Мужской разговор на двадцать секунд.
— Привет, Митч! — Аристид умел быть учтивым, галантным и потрясающе хватким. В этом ему равных не было. Вожак «жёлтых», самой молодой и самой агрессивно-дерзкой клики не мог быть другим. Выражение его лицо не оставляло сомнений: разговор обещает быть жестким и предельно конкретным. Х. не ждал от него ничего хорошего.
— Оу. Привет, что хотел? — Хеймитч успел неплохо узнать Аристида, он не забывал, что перед ним человек, для которого двадцать секунд — достаточный отрезок времени для решения серьёзных дел.
— Хочу просить тебя об одолжении. По-взрослому, — честно предупредил Аристид. Уловив в глазах Х.Э заинтересованность и пару невысказанных и даже несформулированных до конца вопросов, принялся отвечать на них. — Я знаю, о чём вы говорили с Леди Тицианой. О войне и мире. Что причиной войны может стать Брут. Покушение на которого — дело рук мерзавцев из моей партии. Собственно, как только я об этом узнал, тотчас нашёл тебя. — Затем он жестом попросил Х. не открывать рта. Полуобещая, что он всё расскажет сам. — Не был бы уверен, не говорил бы. Ты — единственный, кто сможет его остановить. Не спорь. Дай мне объяснить. Горец страшен в гневе.
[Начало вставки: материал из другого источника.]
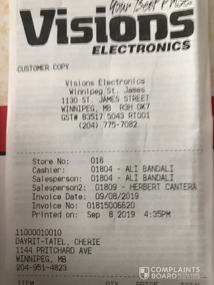 I purchased an $1100 Samsung TV on January 7,2025. When we plugged it in at home the screen showed only vertical lines. I returned it to Visions store in Langford BC and the manager Brandon Bauer refused to refund or replace the defective TV! Do not do business with this rogue company!

Сейчас у меня довольно мало шансов остановить войну, но я сделаю все чтобы она не началась. Брут — кровный родич Хаммерсли. А даже хуже, если бы он родным племянником Леди Тицианы. Они — патриции, я — патриций, и ты, Митч, тоже… Не спорь, пожалуйста… Я прошу о многом, Митч, остановить Горца, под силам лишь двоим. Ниобе, его ментору… но она пока не сможет прибыть в Город. Второй человек — ты.
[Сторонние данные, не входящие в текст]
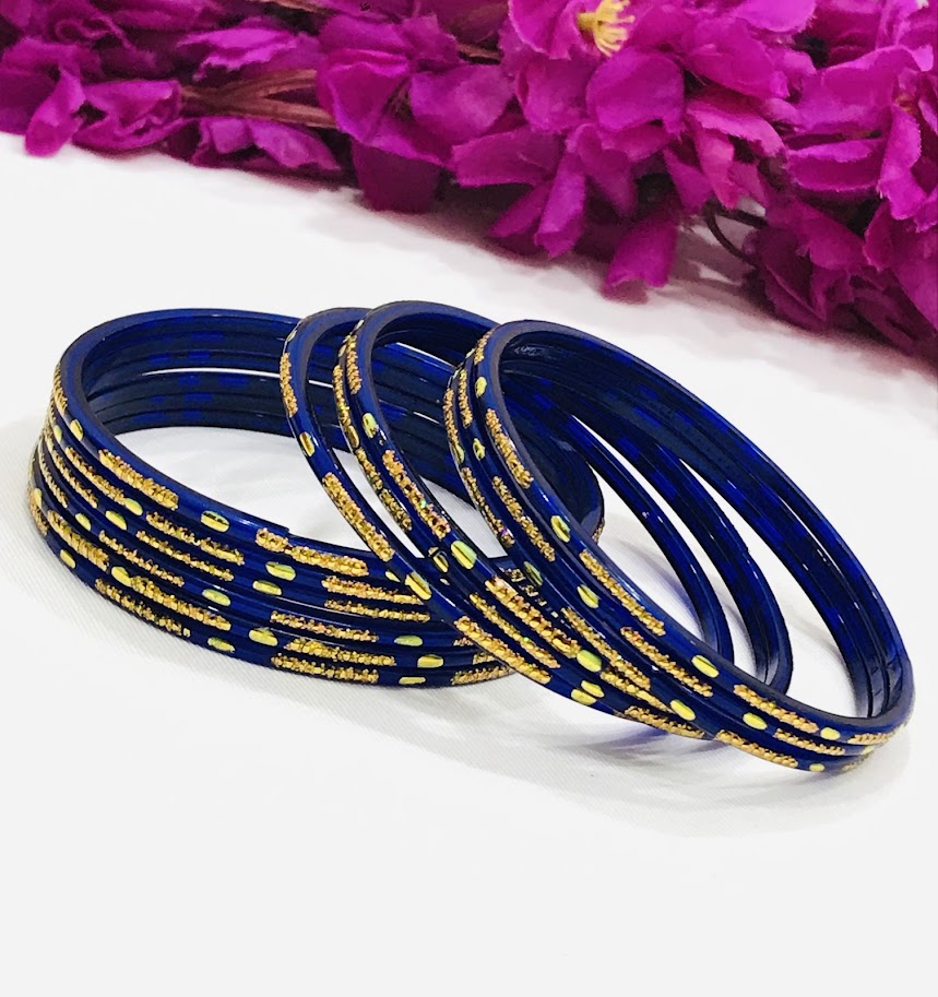 Beautiful Blue Color Glass Bangles With New Designs For Women

— Почему? — в глазах Хеймитча была обида, когда двое самых могущественных людей Капитолия просят его об одном, о помощи, отказаться нельзя. . Но цена ошибки! Хеймитча откровенно пугал ответ на этот вопрос.
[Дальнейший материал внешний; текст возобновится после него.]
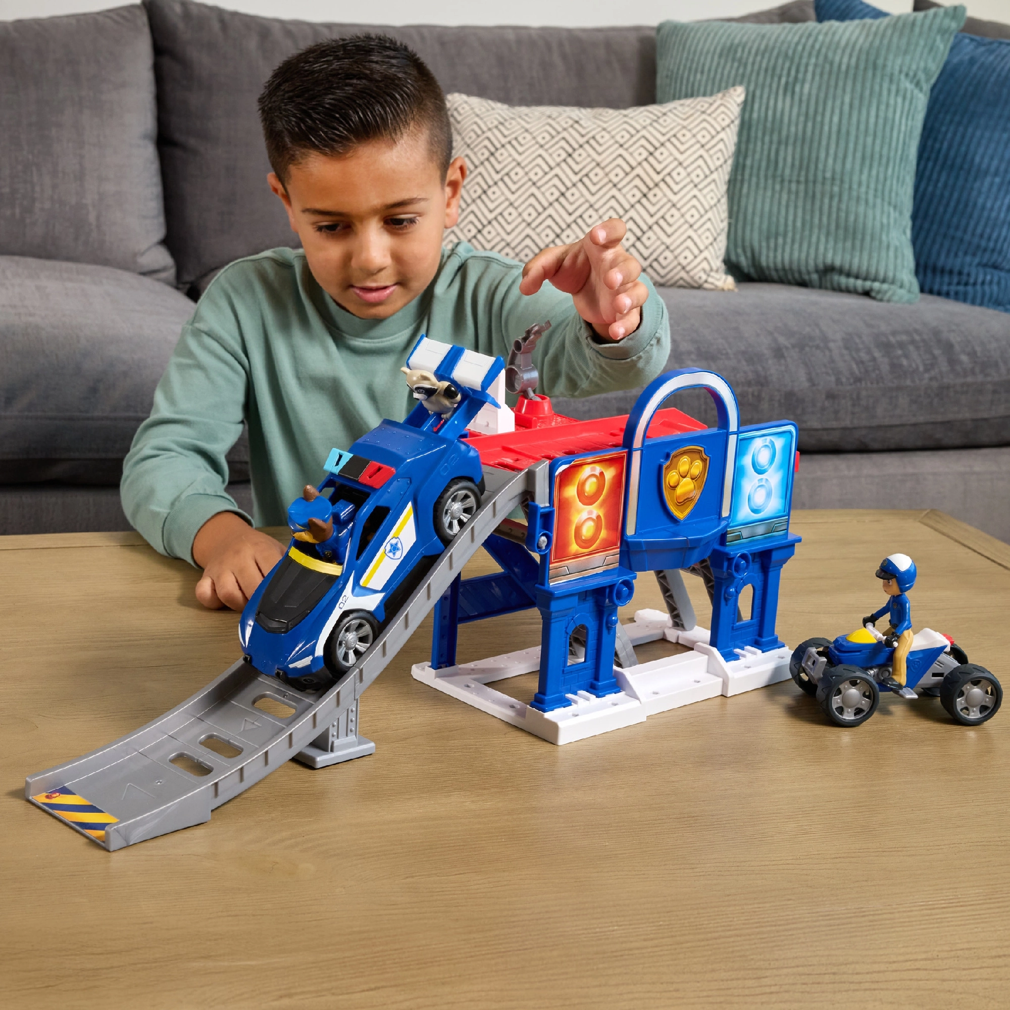 Po zakończeniu „serwisu” spuść pojazd po długiej rampie i wyrusz na ratunkową misję jak prawdziwy bohater Psi Patrol.

— Открою тебе небольшую, но очень важную тайну. Брут считает тебя более достойным Победителем чем он сам. Достойным, понимаешь?
— Я догадывался. — промолвил поражённый и очень обеспокоенный словами Аристида Хеймитч.
— Просто прими этот факт как должное. Так будет проще. — попросил Х. капитолиец.
— То, о чём ты просишь меня, как мне это сделать? Точнее, ты и Леди Тициана! Я пока понятия не имею, как это исполнить! — с лёгким раздражением ответил Х. Э.
— Да, тебя просят помочь обе стороны. Твоя задача — сохранить жизнь лучшему другу. Но тебе нужны доказательства. Хорошо! Я назову тебе имена тех, кто «оплатил» смерти Тиро Жуайез и Горца! Овидий Хемфри и его отчим, Блез Хоуп. Они — «мои люди», я обещаю наказать их. Но не сейчас, во время игр у меня связаны руки. — начал раскрывать карты Аристид.
— Ты должен всё оставить в тайне? — предположил Хеймитч.
— Да, ты прав. — и он продолжил называть имена. — Следующее имя — Бьюти. Да, это именно она. Причастность Грацио не может быть доказана., но… Ты понимаешь?
— Понимаю. — с горечью с голосе ответил Хеймитч. Когда Аристид произнёс имя Победительницы, едва не забравший его жизнь в первый год после его Победы, Эбернети дёрнулся. Рефлекторно. Непроизвольно. Словно от удара.
— Среди «синих» у них есть соучастник. Назови Леди Тициане имя предателя. Тайгер Монти. В долгу «волчица» не останется.
Волчицей молодые патриции за глаза окрестили Леди Тициану Пемблтон, но так как оно ей не понравилось лишний раз произносить вслух остерегались.
— Она спросит источник. Я могу назвать его? — очень тихо спросил Хеймитч. Ему было трудно скрывать потрясение, который переживал в эти мгновения.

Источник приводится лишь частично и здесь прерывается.